Problem to work on
Among the entries below, only the lines from the one with "王玲老师代表全体成员对施兆莉" through the one with "2022年12月9日和13日" are to be retyped, exactly and without pictures.

Available data
● ● ● ●

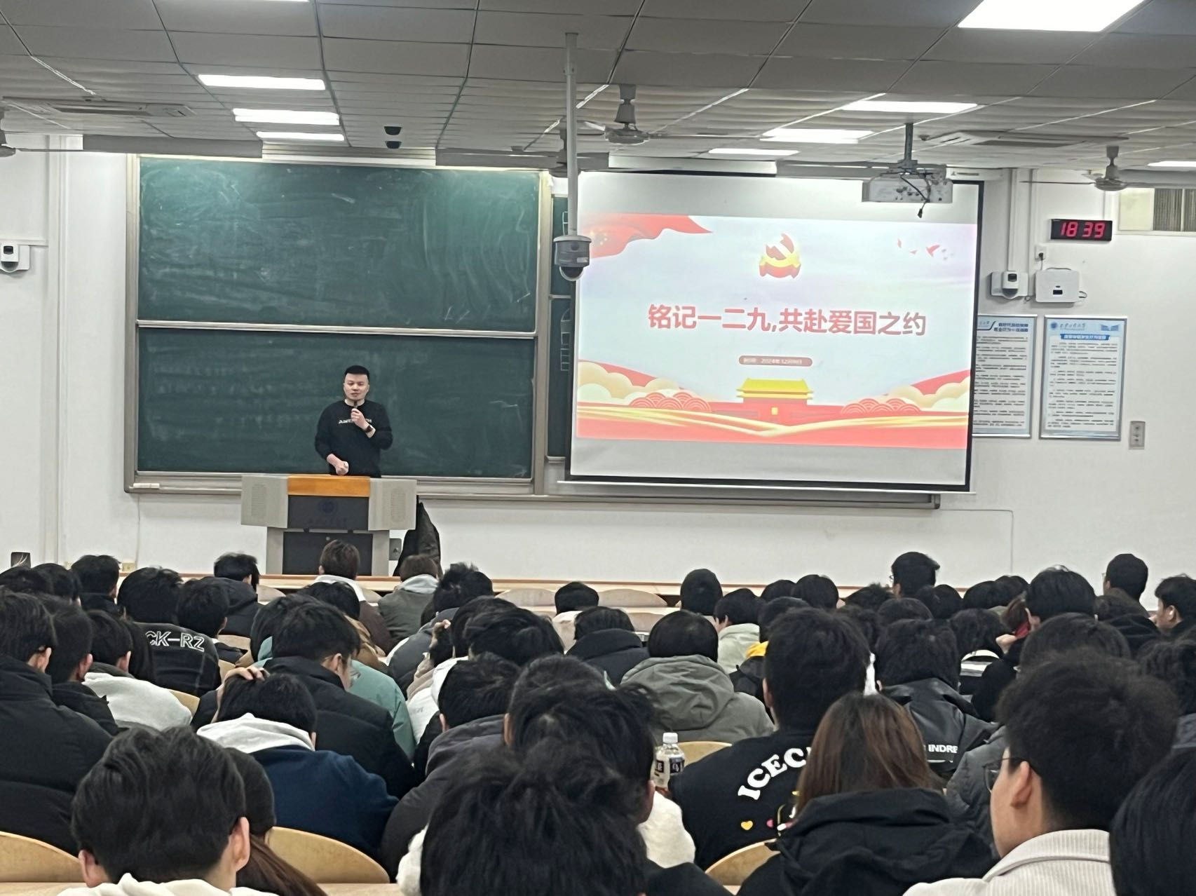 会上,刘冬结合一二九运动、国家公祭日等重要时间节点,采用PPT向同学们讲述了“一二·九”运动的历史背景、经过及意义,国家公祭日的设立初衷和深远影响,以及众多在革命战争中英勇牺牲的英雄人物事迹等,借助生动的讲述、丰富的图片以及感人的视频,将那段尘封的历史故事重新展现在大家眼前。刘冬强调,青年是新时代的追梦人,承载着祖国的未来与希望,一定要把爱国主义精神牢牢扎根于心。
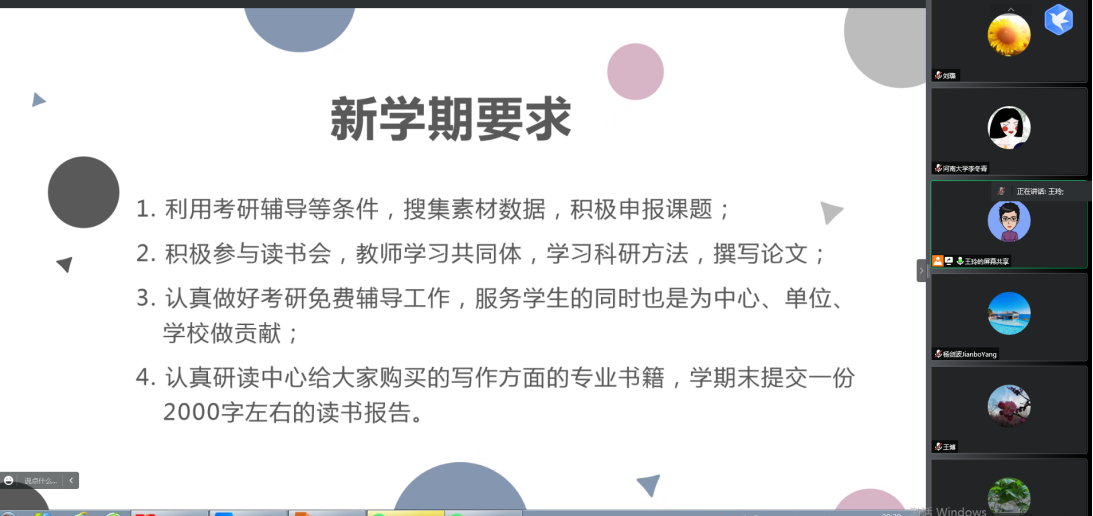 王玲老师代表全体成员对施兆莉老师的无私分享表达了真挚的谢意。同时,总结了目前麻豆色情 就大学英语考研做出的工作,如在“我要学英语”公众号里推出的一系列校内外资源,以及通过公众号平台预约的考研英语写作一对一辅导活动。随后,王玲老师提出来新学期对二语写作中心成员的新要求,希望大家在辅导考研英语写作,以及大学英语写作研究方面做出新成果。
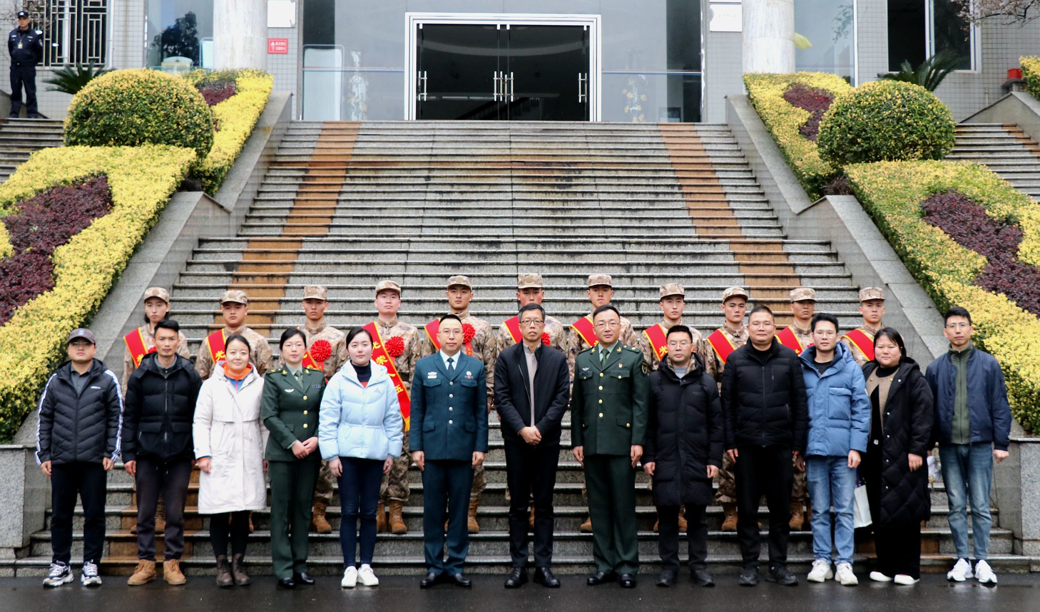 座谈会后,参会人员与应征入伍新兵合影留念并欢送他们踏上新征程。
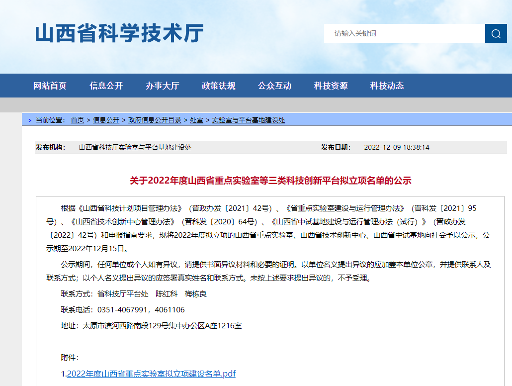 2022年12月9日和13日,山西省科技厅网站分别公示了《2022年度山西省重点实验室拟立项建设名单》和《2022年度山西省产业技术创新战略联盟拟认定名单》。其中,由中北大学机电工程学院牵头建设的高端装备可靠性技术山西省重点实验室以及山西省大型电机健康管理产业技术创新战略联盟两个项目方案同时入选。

● ● ● ●

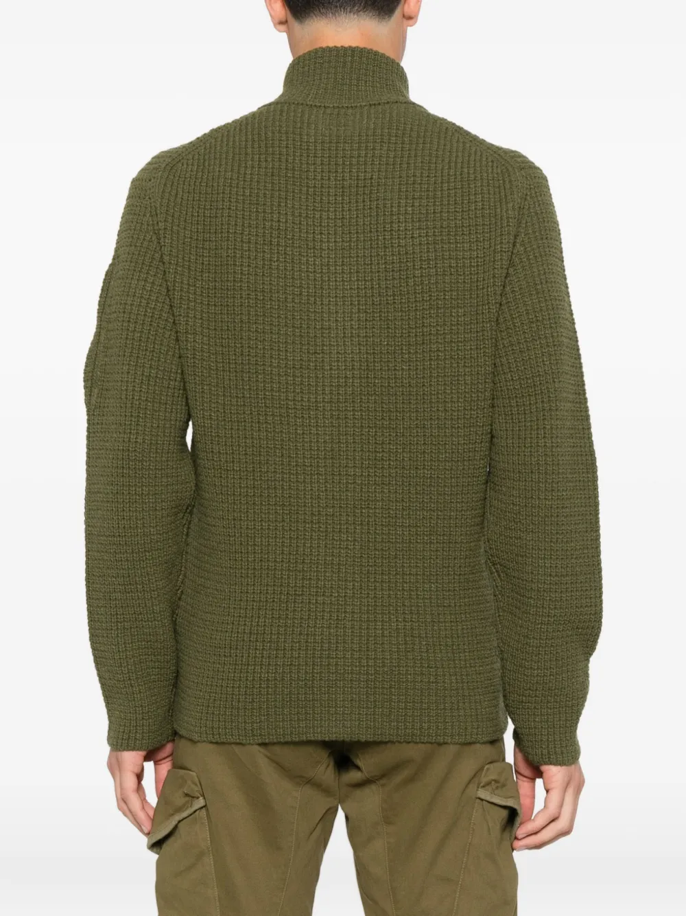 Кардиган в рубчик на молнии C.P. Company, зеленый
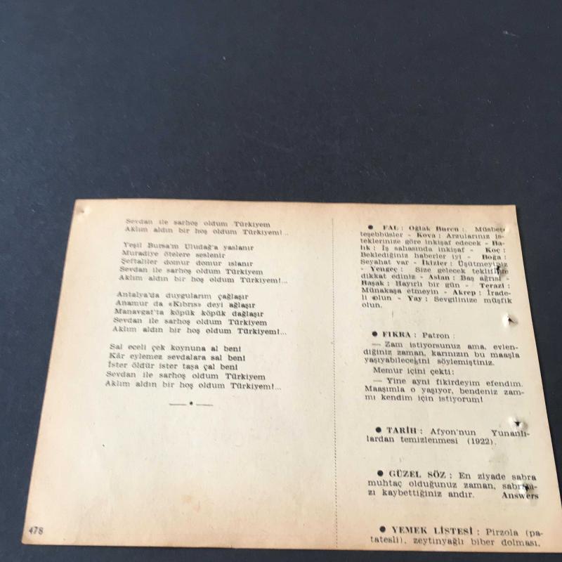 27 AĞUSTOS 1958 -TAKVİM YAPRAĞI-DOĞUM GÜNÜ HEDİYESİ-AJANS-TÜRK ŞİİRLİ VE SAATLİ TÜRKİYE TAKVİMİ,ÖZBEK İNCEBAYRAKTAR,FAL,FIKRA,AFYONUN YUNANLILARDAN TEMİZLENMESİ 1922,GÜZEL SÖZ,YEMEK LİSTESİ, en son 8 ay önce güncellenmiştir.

● ● ● ●

Exercise result
 王玲老师代表全体成员对施兆莉老师的无私分享表达了真挚的谢意。同时,总结了目前麻豆色情 就大学英语考研做出的工作,如在“我要学英语”公众号里推出的一系列校内外资源,以及通过公众号平台预约的考研英语写作一对一辅导活动。随后,王玲老师提出来新学期对二语写作中心成员的新要求,希望大家在辅导考研英语写作,以及大学英语写作研究方面做出新成果。
 座谈会后,参会人员与应征入伍新兵合影留念并欢送他们踏上新征程。
 2022年12月9日和13日,山西省科技厅网站分别公示了《2022年度山西省重点实验室拟立项建设名单》和《2022年度山西省产业技术创新战略联盟拟认定名单》。其中,由中北大学机电工程学院牵头建设的高端装备可靠性技术山西省重点实验室以及山西省大型电机健康管理产业技术创新战略联盟两个项目方案同时入选。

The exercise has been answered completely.